But Nick, what about all those untitled-XX.md notes?
I'm glad you asked. There's nothing to do with those notes but manually examine them and rename them according to their content. Which would absolutely be a pain in the ass if not for the terminal file manager ranger.
Step 3: Renaming untitled notes
Ever since I watched Luke Smith demonstrate the ranger file manager I've had major boner for it, and wanted a real chance to kick its tires. The challenge of renaming all these untitled files gave me the opportunity.
Briefly, ranger is a terminal file manager that emulates some of Vim's modal editor behavior. For example, to move through directories you use the home-row keys h, j, k, and l. To run commands you press the colon key, then enter the command name. It's both sexy and dangerous, and since I'm a kinky guy it was love at first sight.
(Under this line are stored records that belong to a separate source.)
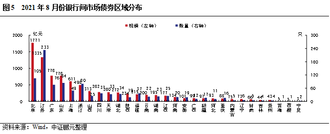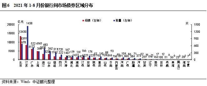 2021年8月份,銀行間市場(chǎng)債券廣泛分布于29個(gè)省(直轄市、自治區(qū))。從發(fā)行規(guī)模來(lái)看,北京以1,770.91億元的發(fā)行規(guī)模遙遙領(lǐng)先,江蘇、廣東、山東、上海和浙江位列第二梯隊(duì),發(fā)行規(guī)模在500-1,500億元之間。從發(fā)行數(shù)量來(lái)看,江蘇排名第一、北京排名前二,山東、浙江、廣東、上海發(fā)行數(shù)量緊隨其后,均超過(guò)40只。綜合2021年1-8月的情況來(lái)看,銀行間市場(chǎng)債券的發(fā)行主導(dǎo)區(qū)域仍集中在北京、江蘇和廣東等地區(qū)。從發(fā)行規(guī)模來(lái)看,北京以1,3430.15 億元的發(fā)行規(guī)模領(lǐng)先于其他省市,江蘇、廣東和上海緊隨其后。從發(fā)行數(shù)量來(lái)看,江蘇發(fā)行1,438只,位居第一;北京發(fā)行678只,位居第二;廣東發(fā)行522只,位列第三。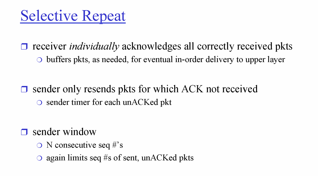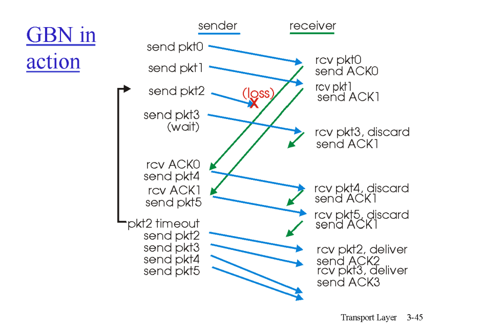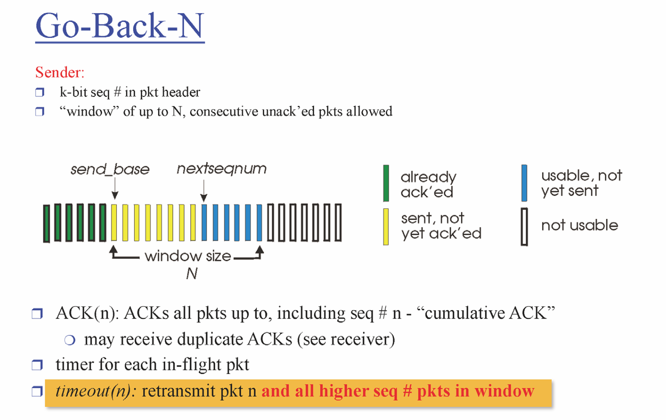 - ex) window size = 4, [0, 1, 2, 3] 전송할 때 timer 0 이 터졌으면 0이상의 모든 패킷들 다 재전송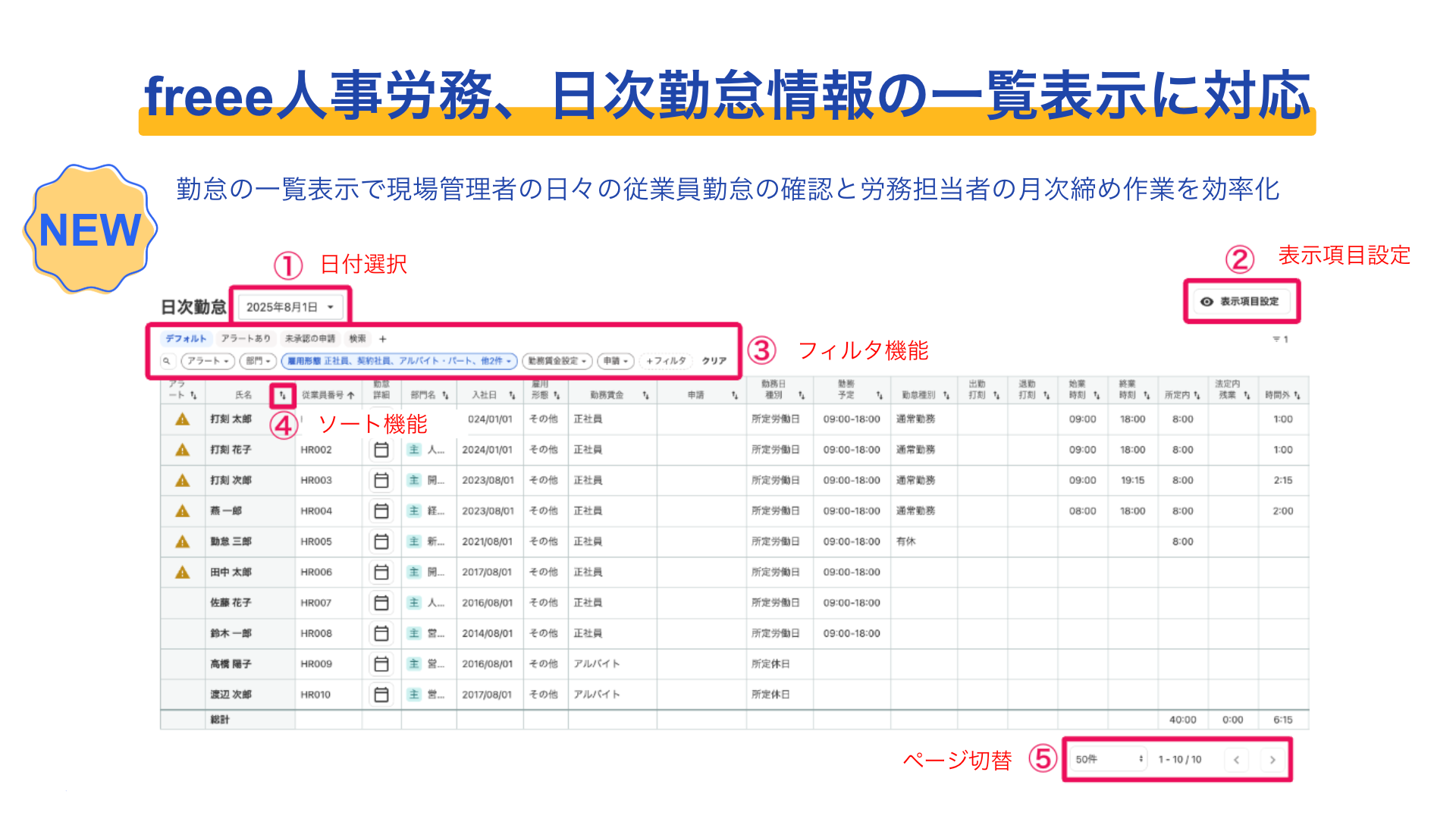 - freee人事労務は、管理者が特定の日付において事業所に所属する従業員情報および勤怠情報を一覧形式で確認できるようになりました

Since I had never used ranger for any serious file system work before, this was a great way to get used to its navigation controls and command capabilities. I quickly figured out that the home row was my navigation center, but ALSO that I wanted to move through pages of files at a time rather than just hitting j and k repeatedly. Turns out if you hold shift
and hit those same keys ranger will move you half-page at a time. Excellent. I traversed each notebook and used ranger's find
command -- hitting /
followed by a file name string -- to quickly jump to the first instance of a file named untitled...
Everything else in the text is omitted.